The white-throated needletail (Hirundapus caudacutus), also known as the needle-tailed swift or spine-tailed swift, is a large swift in the genus Hirundapus. It is reputed to reach speeds of up to 170 km/h in horizontal flight, but this is unverified because the methods used to measure its speed have not been published.
75 km/h is more likely, but this is still at least 100 times the bird's length per second.

They build their nests in rock crevices in cliffs or hollow trees. They do not like to sit on the ground and spend most of their time in the air. They feed on small, flying insects like beetles, flies, bees and moths.

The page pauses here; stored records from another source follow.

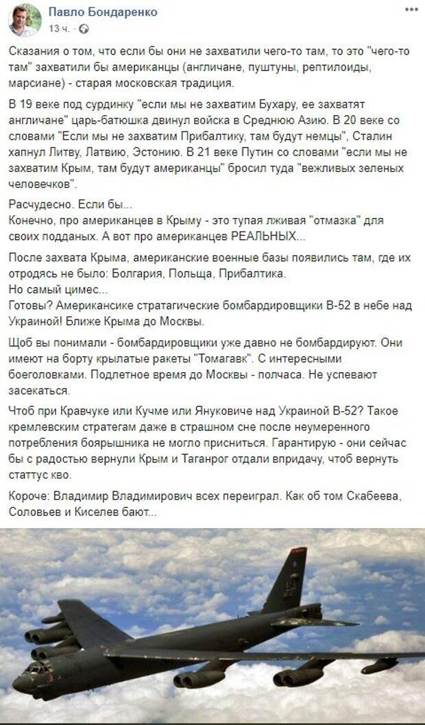 net со ссылкой на сообщение командования Воздушных сил. «Экипажи B-52 обеспечивают возможности коллективной обороны для США, союзников по НАТО и партнеров, а также стратегические и оперативные возможности для сдерживания России», – говорится на странице командования в Фейсбуке. По этому поводу свое мнение высказал и известный украинский историк и блогер Павел Бондаренко. По его словам, русские пугалки о том, что если бы они не захватили «чего-то там», то это сделали бы американцы (англичане, пуштуны, рептилоиды, марсиане) обрели новый смысл. «В 19 веке под сурдинку «если мы не захватим Бухару, ее захватят англичане» царь-батюшка двинул войска в Среднюю Азию. В 20 веке со словами «Если мы не захватим Прибалтику, там будут немцы», Сталин хапнул Литву, Латвию, Эстонию. В 21 веке Путин со словами «если мы не захватим Крым, там будут американцы» бросил туда «вежливых зеленых человечков»», – пишет блогер. Бондаренко отметил, что после того, как Россия захватила Крым, американцы действительно появились там, где их никогда не было. И это – не оккупированный полуостров, в такие страны как Болгария, Польша, Прибалтика. «Но самый цимес... Американсике стратегические бомбардировщики В-52 в небе над Украиной! Ближе Крыма до Москвы», – подчеркнул историк. Он обратил внимание на то, что бомбардировщики имеют на борту крылатые ракеты «Томагавк», которые могут за полчаса долететь до Москвы. И это не может не тревожить российскую верхушку. «Чтоб при Кравчуке или Кучме, или Януковиче над Украиной В-52? Такое кремлевским стратегам даже в страшном сне после неумеренного потребления боярышника не могло присниться. Гарантирую - они сейчас бы с радостью вернули Крым и Таганрог отдали впридачу, чтоб вернуть статус кво», – иронизирует Бондаренко, заметив по ходу, как Путин снова всех «переиграл». Напомним, одесситов всполошила военная авиация НАТО над городом. Как сообщала Politeka, новая разработка россиян в военной авиации обернулась позором. Также Politeka писала, что Россия задействовала авиацию в Крыму после сообщений о вторжении в Украину.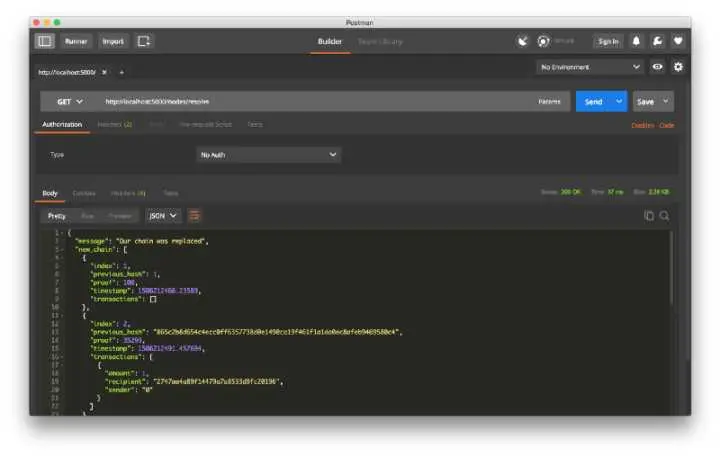 然后我在节点 2 上挖掘了一些新的块,以确保链条更长。 之后,我在节点1上调用 GET /nodes/resolve,其中链由一致性算法取代: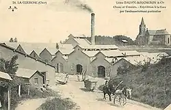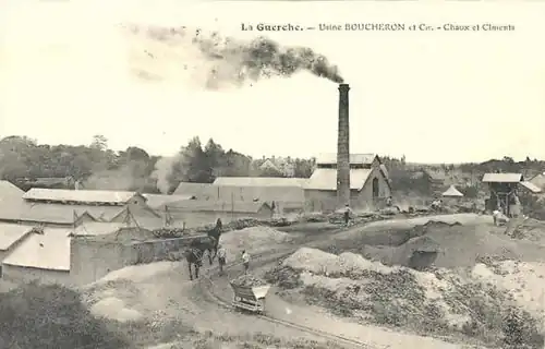 Old postcards and the stationery used by Daumy, Boucheron & Cie around 1910 show all the means of transport they used. The lime was taken by the 600 mm (1 ft 11+58 in) gauge Decauville railway from the quarries below the church, to the limekilns, slaking ponds and grinding mills, and finally to the shipping points for the finished products on the railway and the Berry Canal. However, contrary to what is shown in the artistic impression, the factory was located about 500 metres (550 yd) away from the Berry Canal on the other side of the town centre of La Guerche.[3]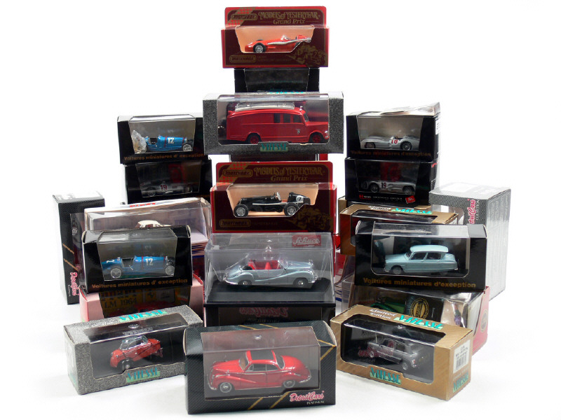 miniatures reproduisant les modèles : CHEVROLET, CITROËN, Mc LAREN, HISPANO SUIZA, MINI, TUCKER, FIAT, MERCEDES, BMW, MASERATI, BUGATTI, ALFA ROMEO, JAGUAR, MESSERSCHMITT, AUSTIN HEALEY, ERA, SAURER, RENAULT, PORSCHE, TRIUMPH, FORD & FERRARI - on y retrouve les marques : MODEL BEST, DINKY MATCHBOX, VEREM, VITESSE, BRUMM, MATCHBOX, DETAILCARS, SCHUCO & MINICHAMPS - une boîte en état 'c'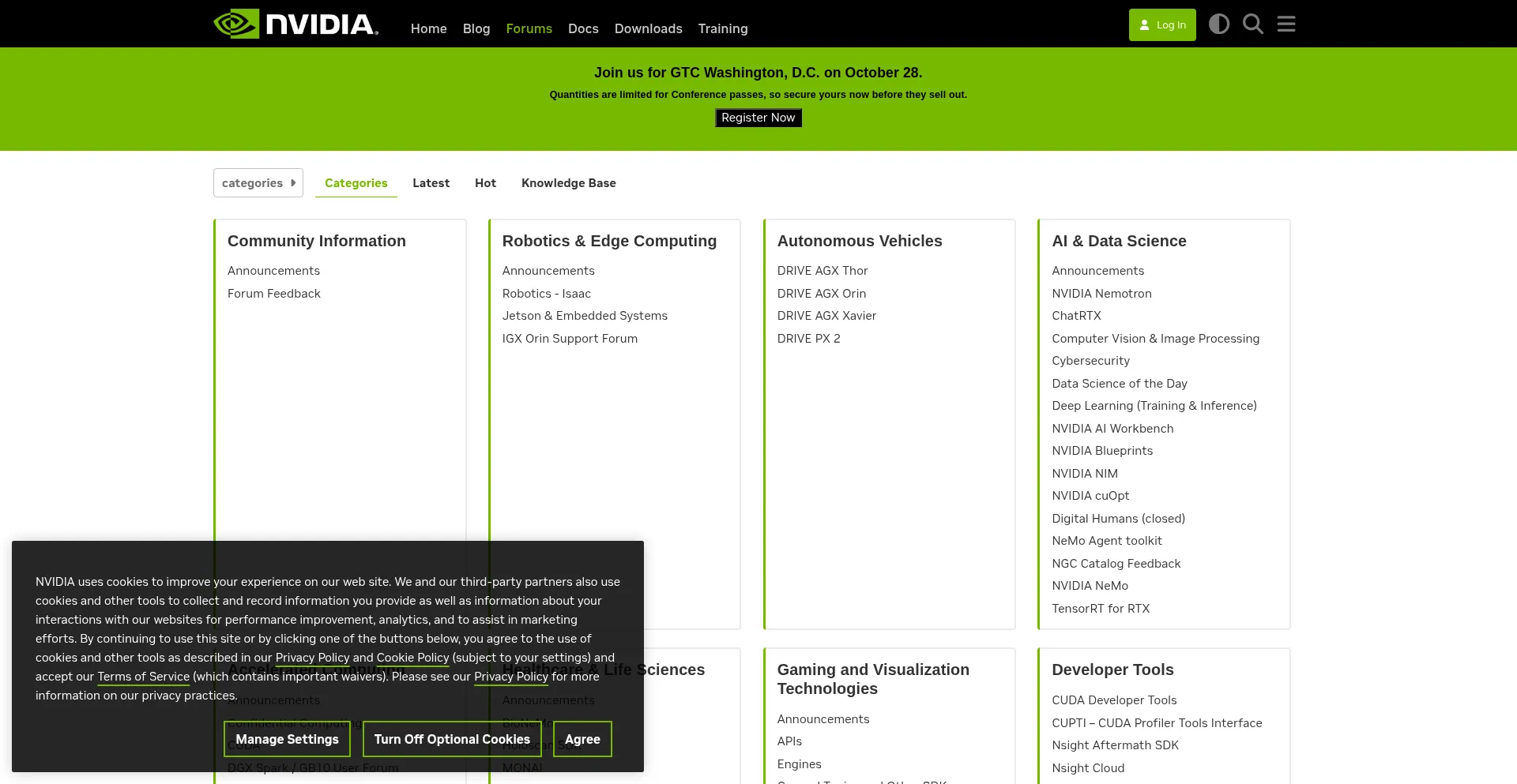 El sitio web implementa mecanismos de consentimiento de cookies en cumplimiento con regulaciones de privacidad como GDPR o CCPA. Esto demuestra que forums.developer.nvidia.com adhiere a estándares de protección de datos y proporciona a los usuarios control sobre prácticas de recolección de datos personales.

The white-throated needletail is a migratory bird, breeding in Central Asia and southern Siberia, and wintering south in the Indian subcontinent, Southeast Asia and Australia. It is a rare vagrant in Western Europe and has been recorded as far west as Norway, Sweden and Great Britain. In June 2013, an individual was spotted in Great Britain for the first time in 22 years. It later flew into a wind turbine and died; its body was sent to a museum.

In June 2022, a bird was recovered on an expedition ship MV Ortelius near Fair Isle approx 70 miles off Duncansby Head, Caithness, Scotland and successfully released.

In October 2025, a white-throated needletail was spotted at Tophill Low Nature Reserve in East Yorkshire, England.

White-throated needletails are large swifts with a robust, barrel-like body. They measure about 20 cm and weigh between 110 and 120 g. They are greyish-brown except for a white throat and a white patch, extending from the base of the tail to the flanks.

Needle-tailed swifts get their name from the spined end of their tail, which is not forked as it is in the typical swifts of the genus Apus.

The white-throated needletail was first described by the English ornithologist John Latham in 1801 under the binomial name Hirundo caudacuta. Their current genus Hirundapus is constructed from the names of the swallow genus Hirundo and the swift genus Apus. The specific name caudacutus comes from the Latin words cauda meaning "tail" and acutus meaning "pointed".